= EXERCISE DETAILS =
When you retype the data, keep every word exactly and include none of the pictures.

START SUPPLIED INFORMATION

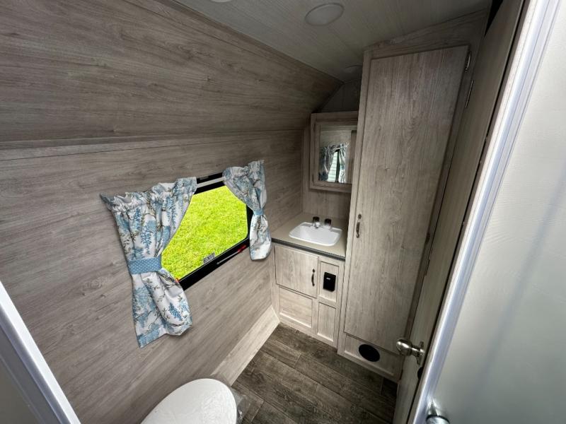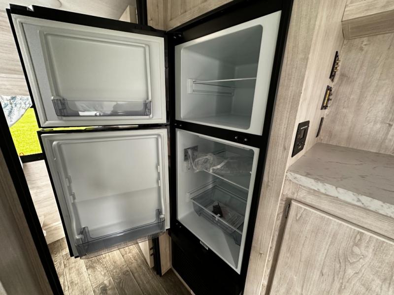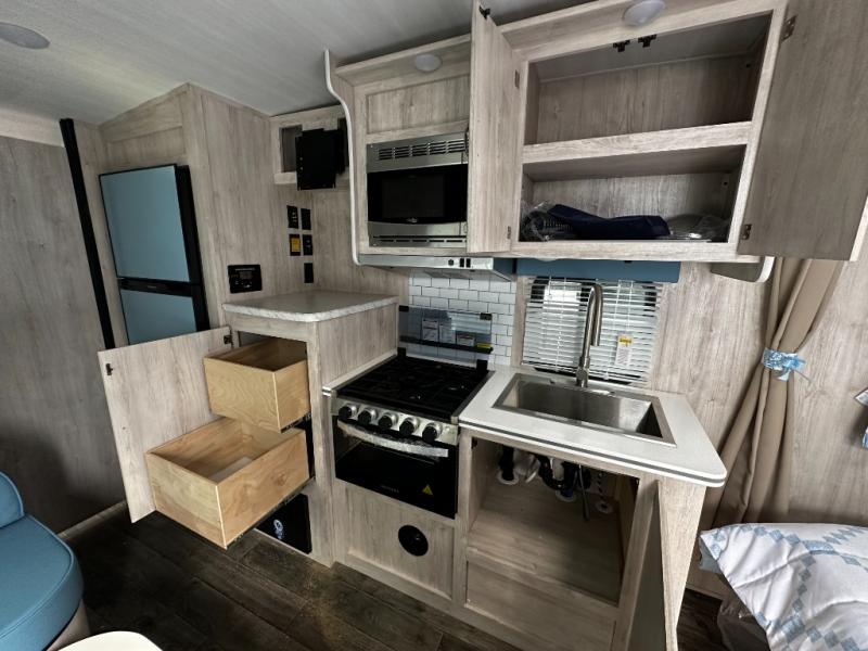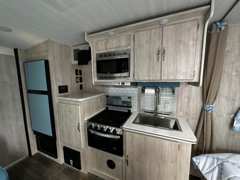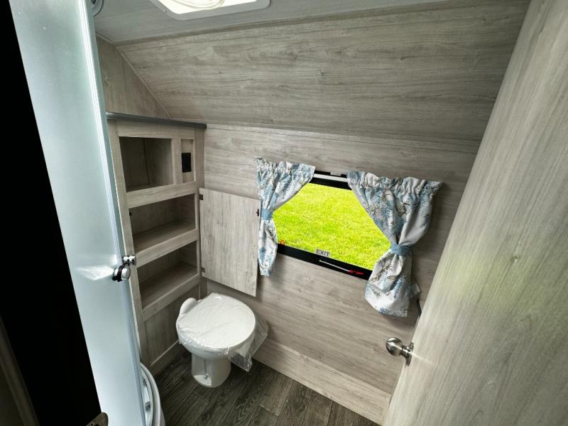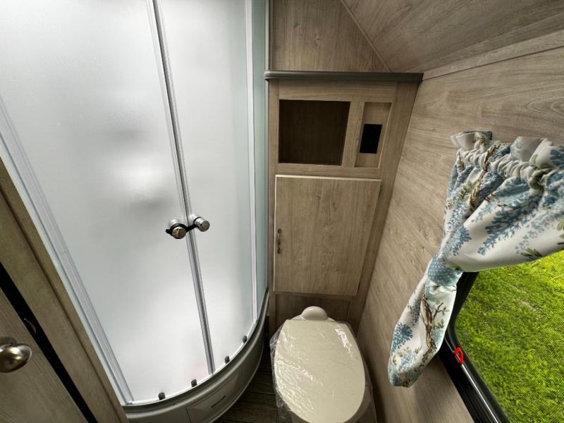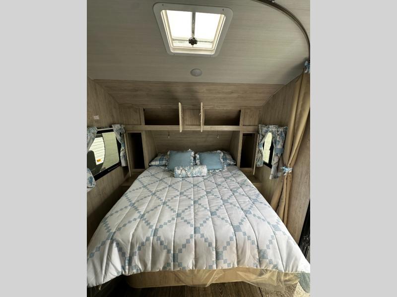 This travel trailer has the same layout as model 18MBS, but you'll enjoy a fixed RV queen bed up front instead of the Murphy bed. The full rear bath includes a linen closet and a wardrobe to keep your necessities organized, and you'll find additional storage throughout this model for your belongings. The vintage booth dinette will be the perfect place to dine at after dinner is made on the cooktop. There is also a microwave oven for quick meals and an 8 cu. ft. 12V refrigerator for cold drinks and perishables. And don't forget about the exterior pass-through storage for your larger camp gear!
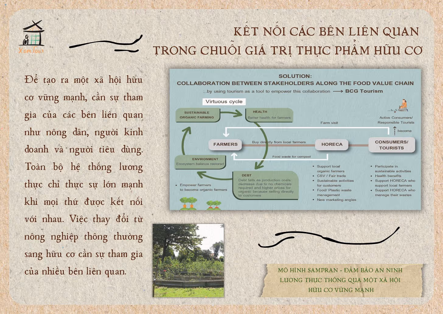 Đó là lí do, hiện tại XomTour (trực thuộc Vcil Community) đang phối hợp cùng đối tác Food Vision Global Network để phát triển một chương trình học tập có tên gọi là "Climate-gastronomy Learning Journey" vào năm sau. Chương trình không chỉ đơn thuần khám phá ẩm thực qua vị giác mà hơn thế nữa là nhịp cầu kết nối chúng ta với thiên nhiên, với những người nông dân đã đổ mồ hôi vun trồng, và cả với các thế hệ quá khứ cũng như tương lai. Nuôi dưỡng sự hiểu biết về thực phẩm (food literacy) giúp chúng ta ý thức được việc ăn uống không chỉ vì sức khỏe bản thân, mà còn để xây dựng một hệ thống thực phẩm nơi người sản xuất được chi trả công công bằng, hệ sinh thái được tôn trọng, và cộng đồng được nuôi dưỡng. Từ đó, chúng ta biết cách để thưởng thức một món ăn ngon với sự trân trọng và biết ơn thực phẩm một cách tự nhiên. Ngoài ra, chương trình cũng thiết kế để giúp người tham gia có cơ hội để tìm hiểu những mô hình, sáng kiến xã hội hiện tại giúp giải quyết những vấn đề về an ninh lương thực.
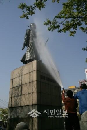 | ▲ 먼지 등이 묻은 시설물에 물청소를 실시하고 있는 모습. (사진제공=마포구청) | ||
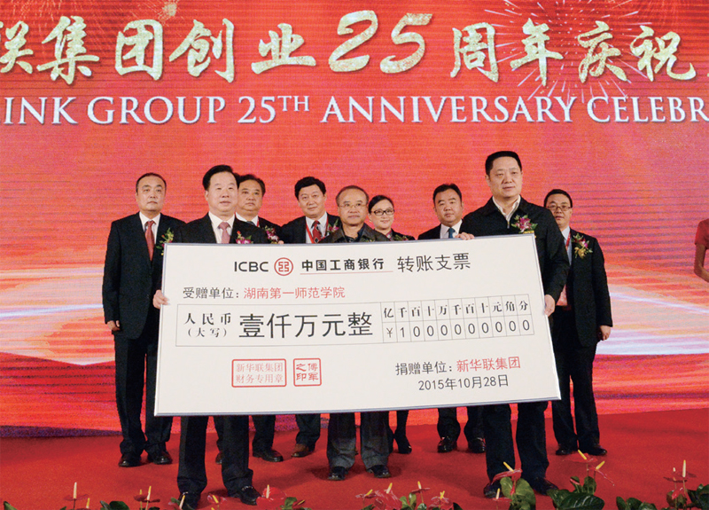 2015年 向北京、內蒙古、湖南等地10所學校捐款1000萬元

END SUPPLIED INFORMATION

= ANSWER TO THE EXERCISE =
 This travel trailer has the same layout as model 18MBS, but you'll enjoy a fixed RV queen bed up front instead of the Murphy bed. The full rear bath includes a linen closet and a wardrobe to keep your necessities organized, and you'll find additional storage throughout this model for your belongings. The vintage booth dinette will be the perfect place to dine at after dinner is made on the cooktop. There is also a microwave oven for quick meals and an 8 cu. ft. 12V refrigerator for cold drinks and perishables. And don't forget about the exterior pass-through storage for your larger camp gear!
 Đó là lí do, hiện tại XomTour (trực thuộc Vcil Community) đang phối hợp cùng đối tác Food Vision Global Network để phát triển một chương trình học tập có tên gọi là "Climate-gastronomy Learning Journey" vào năm sau. Chương trình không chỉ đơn thuần khám phá ẩm thực qua vị giác mà hơn thế nữa là nhịp cầu kết nối chúng ta với thiên nhiên, với những người nông dân đã đổ mồ hôi vun trồng, và cả với các thế hệ quá khứ cũng như tương lai. Nuôi dưỡng sự hiểu biết về thực phẩm (food literacy) giúp chúng ta ý thức được việc ăn uống không chỉ vì sức khỏe bản thân, mà còn để xây dựng một hệ thống thực phẩm nơi người sản xuất được chi trả công công bằng, hệ sinh thái được tôn trọng, và cộng đồng được nuôi dưỡng. Từ đó, chúng ta biết cách để thưởng thức một món ăn ngon với sự trân trọng và biết ơn thực phẩm một cách tự nhiên. Ngoài ra, chương trình cũng thiết kế để giúp người tham gia có cơ hội để tìm hiểu những mô hình, sáng kiến xã hội hiện tại giúp giải quyết những vấn đề về an ninh lương thực.
 | ▲ 먼지 등이 묻은 시설물에 물청소를 실시하고 있는 모습. (사진제공=마포구청) | ||
 2015年 向北京、內蒙古、湖南等地10所學校捐款1000萬元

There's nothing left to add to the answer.